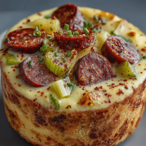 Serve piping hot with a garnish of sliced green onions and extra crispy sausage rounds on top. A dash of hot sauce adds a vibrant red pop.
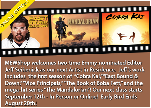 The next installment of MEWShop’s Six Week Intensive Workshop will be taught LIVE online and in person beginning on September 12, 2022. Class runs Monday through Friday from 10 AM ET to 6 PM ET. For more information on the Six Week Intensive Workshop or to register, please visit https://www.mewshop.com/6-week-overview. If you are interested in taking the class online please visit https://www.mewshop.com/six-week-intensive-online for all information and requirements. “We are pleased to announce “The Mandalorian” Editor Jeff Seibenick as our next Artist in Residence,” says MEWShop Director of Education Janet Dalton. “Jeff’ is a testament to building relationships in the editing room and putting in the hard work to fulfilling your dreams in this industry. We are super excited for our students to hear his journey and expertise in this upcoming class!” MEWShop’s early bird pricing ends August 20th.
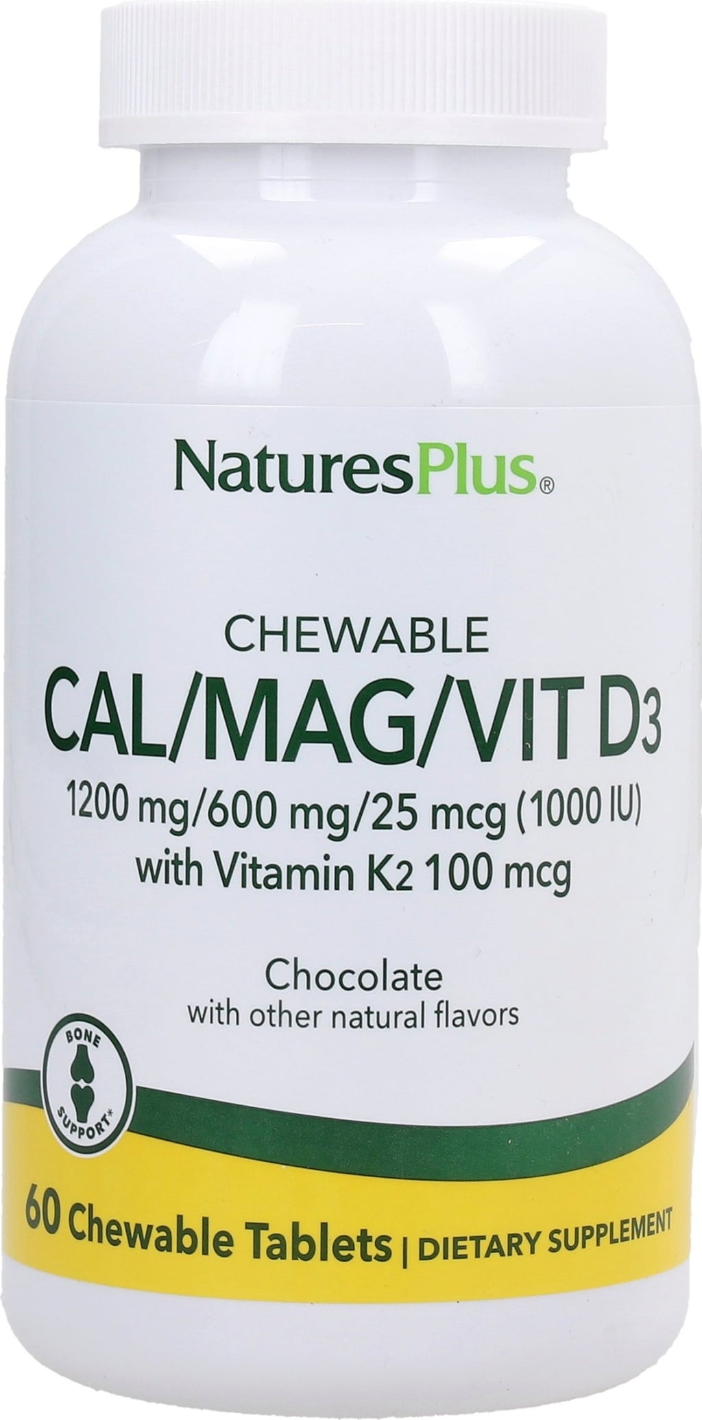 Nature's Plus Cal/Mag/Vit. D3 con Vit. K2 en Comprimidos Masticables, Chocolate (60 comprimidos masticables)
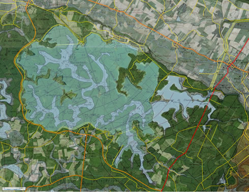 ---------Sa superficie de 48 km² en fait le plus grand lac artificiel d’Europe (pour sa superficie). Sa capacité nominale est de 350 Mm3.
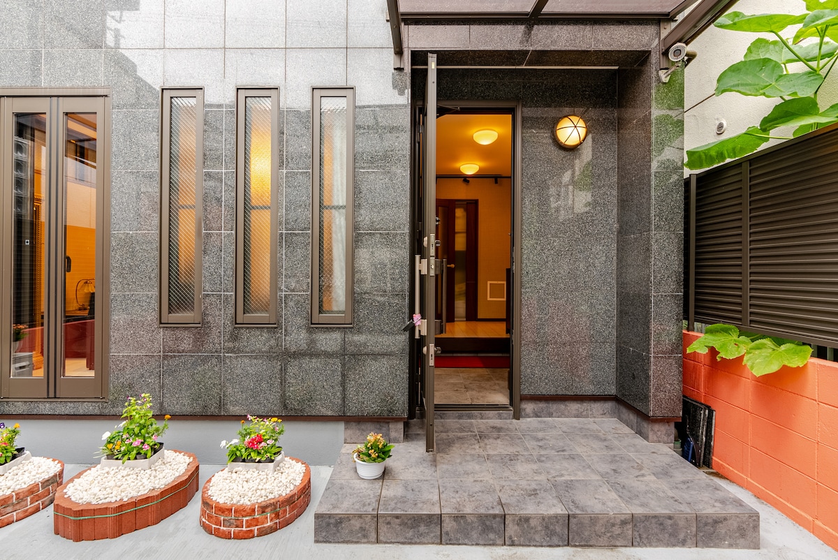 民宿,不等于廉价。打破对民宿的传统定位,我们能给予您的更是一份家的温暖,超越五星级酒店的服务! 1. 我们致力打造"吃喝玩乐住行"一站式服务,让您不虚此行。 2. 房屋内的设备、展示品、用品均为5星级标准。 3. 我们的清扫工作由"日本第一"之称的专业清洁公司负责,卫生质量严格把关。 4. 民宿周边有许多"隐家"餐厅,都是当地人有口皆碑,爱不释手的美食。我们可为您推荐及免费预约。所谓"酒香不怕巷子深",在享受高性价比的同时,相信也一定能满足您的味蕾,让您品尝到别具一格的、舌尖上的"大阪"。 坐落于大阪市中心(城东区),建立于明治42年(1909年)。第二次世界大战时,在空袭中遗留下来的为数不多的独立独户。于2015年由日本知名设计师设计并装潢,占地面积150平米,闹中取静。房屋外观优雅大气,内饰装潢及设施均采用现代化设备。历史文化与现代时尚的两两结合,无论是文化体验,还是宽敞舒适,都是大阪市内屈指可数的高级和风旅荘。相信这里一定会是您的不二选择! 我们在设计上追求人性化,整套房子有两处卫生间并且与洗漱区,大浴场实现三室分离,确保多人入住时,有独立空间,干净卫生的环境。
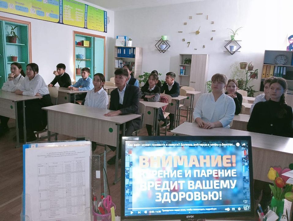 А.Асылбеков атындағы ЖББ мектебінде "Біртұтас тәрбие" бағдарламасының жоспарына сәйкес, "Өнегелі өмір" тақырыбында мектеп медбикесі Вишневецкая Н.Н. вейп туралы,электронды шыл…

WHAT THE EXERCISE ASKS:
Only the lines from the one containing "The next installment" through the final line of the data are to be written out, exactly as they stand and without pictures.

ANSWER BOX:
 The next installment of MEWShop’s Six Week Intensive Workshop will be taught LIVE online and in person beginning on September 12, 2022. Class runs Monday through Friday from 10 AM ET to 6 PM ET. For more information on the Six Week Intensive Workshop or to register, please visit https://www.mewshop.com/6-week-overview. If you are interested in taking the class online please visit https://www.mewshop.com/six-week-intensive-online for all information and requirements. “We are pleased to announce “The Mandalorian” Editor Jeff Seibenick as our next Artist in Residence,” says MEWShop Director of Education Janet Dalton. “Jeff’ is a testament to building relationships in the editing room and putting in the hard work to fulfilling your dreams in this industry. We are super excited for our students to hear his journey and expertise in this upcoming class!” MEWShop’s early bird pricing ends August 20th.
 Nature's Plus Cal/Mag/Vit. D3 con Vit. K2 en Comprimidos Masticables, Chocolate (60 comprimidos masticables)
 ---------Sa superficie de 48 km² en fait le plus grand lac artificiel d’Europe (pour sa superficie). Sa capacité nominale est de 350 Mm3.
 民宿,不等于廉价。打破对民宿的传统定位,我们能给予您的更是一份家的温暖,超越五星级酒店的服务! 1. 我们致力打造"吃喝玩乐住行"一站式服务,让您不虚此行。 2. 房屋内的设备、展示品、用品均为5星级标准。 3. 我们的清扫工作由"日本第一"之称的专业清洁公司负责,卫生质量严格把关。 4. 民宿周边有许多"隐家"餐厅,都是当地人有口皆碑,爱不释手的美食。我们可为您推荐及免费预约。所谓"酒香不怕巷子深",在享受高性价比的同时,相信也一定能满足您的味蕾,让您品尝到别具一格的、舌尖上的"大阪"。 坐落于大阪市中心(城东区),建立于明治42年(1909年)。第二次世界大战时,在空袭中遗留下来的为数不多的独立独户。于2015年由日本知名设计师设计并装潢,占地面积150平米,闹中取静。房屋外观优雅大气,内饰装潢及设施均采用现代化设备。历史文化与现代时尚的两两结合,无论是文化体验,还是宽敞舒适,都是大阪市内屈指可数的高级和风旅荘。相信这里一定会是您的不二选择! 我们在设计上追求人性化,整套房子有两处卫生间并且与洗漱区,大浴场实现三室分离,确保多人入住时,有独立空间,干净卫生的环境。
 А.Асылбеков атындағы ЖББ мектебінде "Біртұтас тәрбие" бағдарламасының жоспарына сәйкес, "Өнегелі өмір" тақырыбында мектеп медбикесі Вишневецкая Н.Н. вейп туралы,электронды шыл…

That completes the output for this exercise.